I decided to try my luck at running puzzle 117 on my new dual core.  It had been almost 5 years since Paul Jobling's result, so I hoped to expose it to increased fire power with the chance of finding something.

Paul Jobling reports (December 5, 2000) that he found no one more example for 2999<p<=20,000,000."

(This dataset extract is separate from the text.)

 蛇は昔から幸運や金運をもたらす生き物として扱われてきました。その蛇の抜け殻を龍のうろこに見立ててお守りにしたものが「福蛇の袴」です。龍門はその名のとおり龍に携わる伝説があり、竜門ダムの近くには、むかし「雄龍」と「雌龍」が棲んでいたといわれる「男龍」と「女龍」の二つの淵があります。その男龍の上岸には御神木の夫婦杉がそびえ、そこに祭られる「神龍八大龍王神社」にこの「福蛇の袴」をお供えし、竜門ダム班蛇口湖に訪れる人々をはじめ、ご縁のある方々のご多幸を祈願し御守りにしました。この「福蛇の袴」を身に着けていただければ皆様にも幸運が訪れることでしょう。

I searched up to p=272,112,959 (the 14,820,001th prime) with no solution.  I had the program print all remainders r= (P#+1) mod Pnext that were <=20.  Given how rare remainders less than or equal to 20 are (about 3 or 4 for every power of 10), I came to realise that the next number solving this puzzle is likely quite large.  Given that the compute power to test up to the nth prime goes like n^2, of course, makes matters far worse.  I stopped after a 2x3.2 GHz month.

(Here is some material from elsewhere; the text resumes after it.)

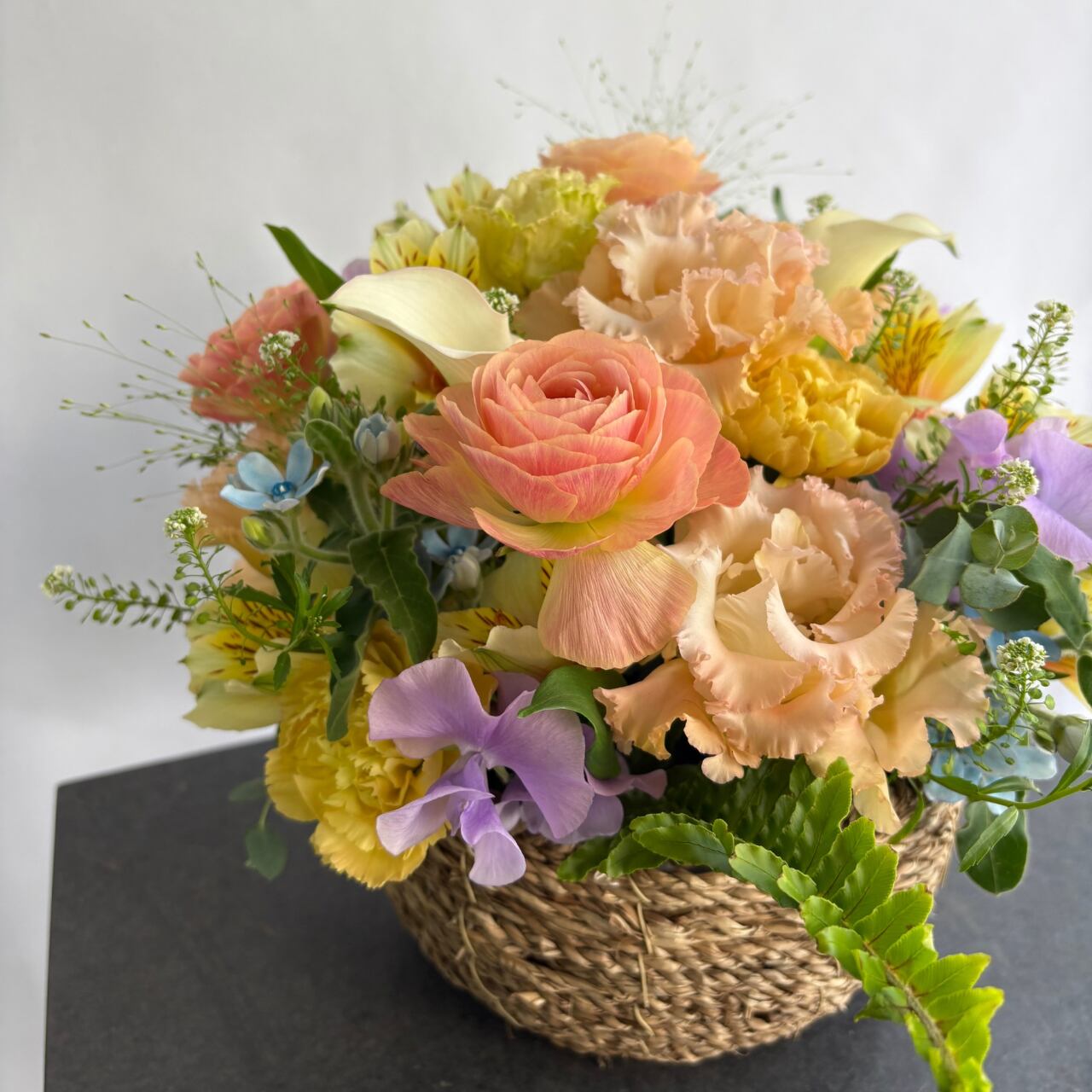 ※写真はイメージです。直近の花市で仕入れた新鮮なお花を使用してお作りいたしますので、季節によって使用する花材が変更になることがあります。掲載写真にできる限り雰囲気を合わせてご用意いたしますので、ご了承ください。

I also looked for the case of a remainder r=2, which would mean a solution to (P#-1) mod Pnext = 0, a modified puzzle 117.  After 3 and 7, only 1 number in the range 7<p<=272,112,959 showed up as a solution!  The magic number was 176,078,267.

So, if puzzle 117 had been posed as find the next P after 3 and 7 where (P#-1) mod Pnext=0, the sequence of numbers would be 3, 7, 176078267  (assuming my code was working correctly)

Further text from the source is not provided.